Communication with the purpose of culturally promoting artists included in the Fundación María Cristina Masaveu Peterson Collection, works protected by intellectual property rights. Their total or partial reproduction or processing by any means, or their transmission or cession in any form is forbidden without the authorisation of the holder of the rights to the works
© García-Alix, Alberto. VEGAP, Madrid 2024
Hormas de zapatos
TECHNICAL DATA
Author: Alberto García-Alix (León, 1956)
Title: Hormas de zapatos (Shoe Lasts)
Year: 1997
Technique: silver gelatine dry plate photograph, with selenium bath on baryta paper and vintage frame
Size: 37 x 66 cm
Edition: Unique
This work was acquired by the Maria Cristina Masaveu Peterson Foundation during Art Basel 2010 in Switzerland, a year after having already acquired a photograph by Alberto García-Alix for this collection of the Contemporary Art Collection at Madrid’s 2010 International Contemporary Art Fair (ARCO). The artist’s relationship with the FMCMP is important, and his experience and seniority has also been useful in organising the first edition of Miradas de Asturias (Visions of Asturias), a long-term initiative launched by the Foundation in 2011 to promote the creation of a set of unprecedented works on Asturias and its people, made up of the personal vision of prestigious international photographers. The “Patria Querida” exhibition by García-Alix was the first in this project to be organised, and is currently on tour, being presented so far in institutional rooms in Gijón (Asturias), Madrid, Lisbon (Portugal) and New York (United States).

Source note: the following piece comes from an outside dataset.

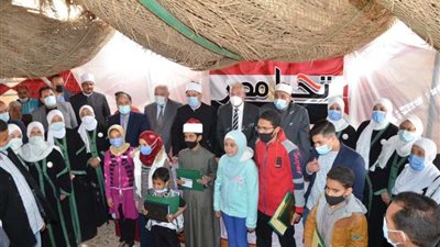 وسط ممر شرفى وزفة انطلق100 طفل وطفلة من حفظة القرآن الكريم في صفوف مرتدين التيجان وأبهى الثياب الالدد

The work in question belongs to a series made in 1997, part of which was exhibited in different European spaces and galleries and in various retrospectives, such as the one organised by the Ministry of Culture at the Círculo de Bellas Artes in Madrid in 1998, after the Leonese artist won the National Photography Prize. Inspired by different types and elements related to the world of footwear, as a visual metaphor for a compendium of aesthetic, formal and social modes, he uses this repetitive image of a shoe model (or, as in this case, shoe lasts) to symbolise certain conceptual frameworks that harbour an anthropological sense, in that constant interest shown by García-Alix in portraying everyday people through portraits or through their clothing. It is a fetishist dialogue of the artist and the model, using everyday, seemingly simple objects, to compose a really powerful image. The rhythm and monochromatic contrast of this small work extract beauty from a humble blueprint, under poetic austerity.